Dear Dad,
I used to call you daddy as I ran around the corner in my feety pajamas, slipping and falling at your feet when you came home from work. I used to fall asleep on your chest while you watched football, and pretended to be your hairdresser (I now know you tricked me into it so I could rub your head). Looking up at the clouds after we both mowed the lawn (mine blew bubbles while yours actually cut the grass) was our favorite passtime, and going on bike rides on the weekends was our little adventure. You were my first best friend and my first love.
Even though I don't run into your arms anymore and sit outside staring at the sky with you, you are still my best friend and my first love. As I have grown older, so has our relationship. You have taught me lessons all the way from how to hold a fork to how to (or how to attempt to) budget my money. You pushed me when trying to ride my bike for the first time, and you pushed me to get my first job.

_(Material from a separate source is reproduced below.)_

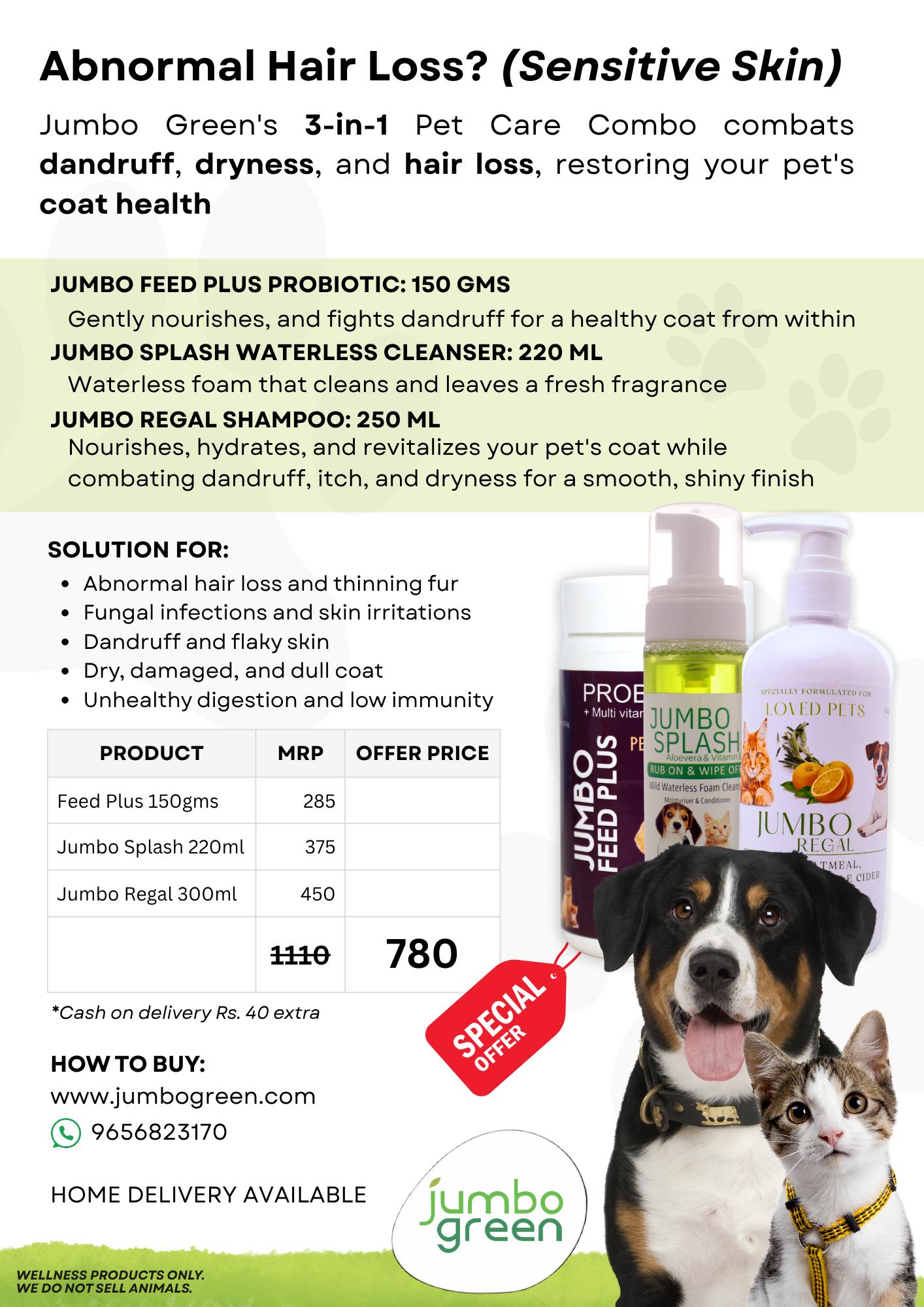 Jumbo Green's 3-in-1 Pet Care Combo combats dandruff, dryness, and hair loss, restoring your pet's coat health. This is the perfect combo for pets with sensitive skin.

I have gone from crying in your arms about scraping my knee to crying about a broken heart; you still hold me just as tight.
You are always the most supportive person, even though you may not always agree with me. You inspire me to follow my goals and my dreams, no matter how strange or crazy they may be. I always feel like I have the most supportive person in my corner, and that's because I do.
I have the best role model of a man that anyone could have. You were my first date, first man to buy me jewelry and flowers, and the first slow dance I had while I stood on your feet. I once read that girls often set the bar to the standards their father showed them growing up. My bar is set pretty high because of you.
Putting my love for you in words is nearly impossible. I am thankful for all that you have done for me in my life, and all that you will do for me in the future. You are the best dad a girl could ask for. I may not say it enough, but I truly do appreciate you. I love you always, and I will always be there for you just as you are always there for me.